Let us travel back in time for a second, when Allen Iverson first arrived on the scene. Immediately he was labeled a “thug.” People unhappy with the fact that he showed up to games wearing baggy clothes and fitted caps, chains around his neck. They did not like his cornrows or tattoos, and thought he belonged on the street with drug dealers (or at the very least rapping, in a music video), not on the court as a professional athlete.

Iverson was a part of the league from 1996 until 2010, and never once changed his appearance or his attitude. But he did prove himself on the court, averaging  26.7 points and 6.2 assists per game over his career, revolutionizing the game of basketball.  Although some may still see him as nothing more than a kid from the wrong side of the tracks, most remember him for the gifted baller that he was (and if you ask me, still is).

Andersen entered the world of professional basketball in 1999, playing for a Chinese team, the Jiangsu Nangang Dragons. It was not until 2001 that he made his way to the NBA, but even so, only as a part of the D-League for the Fayetteville Patriots. Fortunately, after only two games as a D-Leaguer, Andersen was soon called up to the Denver Nuggets. beginning his 12-year journey.

At 35 years old, the veteran is averaging 12.5 points, 9.7 rebounds, and 2.5 blocks per 36 minutes of play with the Miami Heat, who he signed with in 2013, taking a veteran’s minimum salary.

“We liked him for years,” Heat head coach Erik Spoelstra recently stated. “We always thought he’d be a great fit.”

And apparently he was right. Andersen, who currently has the best field-goal percentage in team history, was a huge part of Miami’s Game 2 Eastern Conference Final win. Only LeBron James, Dwyane Wade and Chris Bosh played more minutes.

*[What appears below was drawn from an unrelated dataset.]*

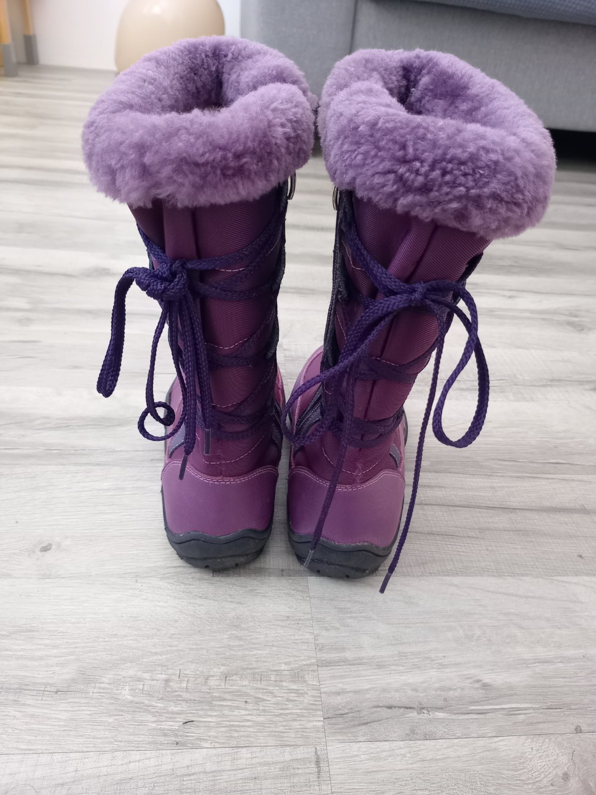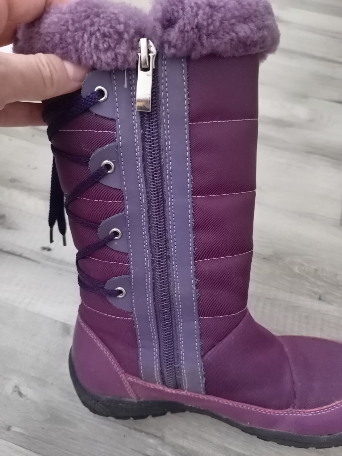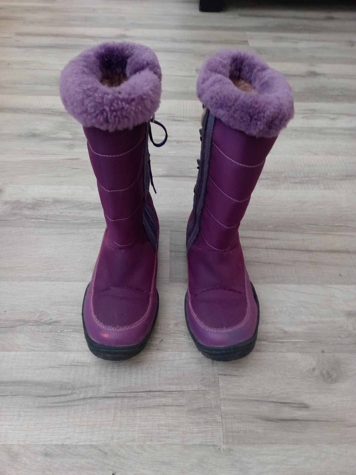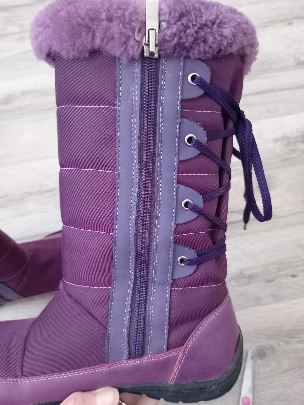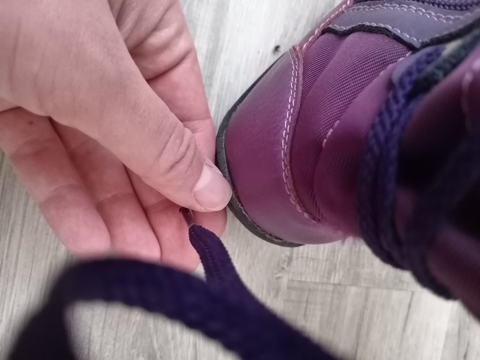 Na jednej čižme mierne odlepene od kraja podrážky, na druhej mierne odlepene na päte. V predu aj v zadu sú roztrapkane nitky, látka neviem to opísať. Diery niesu nikde. Všetko som pofotila. Aj pri nedostatkoch sú stále pekné.

“He plays until he has zero in the tank,” explained Spoelstra.

Holding Indiana Pacers Center Roy Hibbert to only four points and two rebounds in the fourth quarter, Andersen finished the game with 12 rebounds, three points and one block. But the big man brought more to the table than defensive and offensive numbers. He brought energy, and motivation, never showing even the slightest signs of fatigue. Beyond the impressive ball grabs and swats, Andersen consistently delivers something even more important: momentum.

“A lot of stuff doesn’t show up on the stats sheet,” Andersen claimed of his own contributions to the team.

While most might only see Andersen as a tattooed hooligan, his background riddled with problems, exhibiting a ridiculous celebratory flap of his arms on the court, his teammates know better.

“Whenever he comes into the game, the game picks up,” explained Shane Battier.

Wade, when asked to describe him in one word simply said “energy.”

A tattoo of the words “free bird” across his neck, check. Interview quotes like “I can’t give you no keys. Steel trap. Steel trap. Ain’t no keys from a steel trap, homeboy,” check. But so what? 

For Heat fans, these are just bonuses, added depth to an already multidimensional player. To us, Andersen is not just noticeable, but noticed.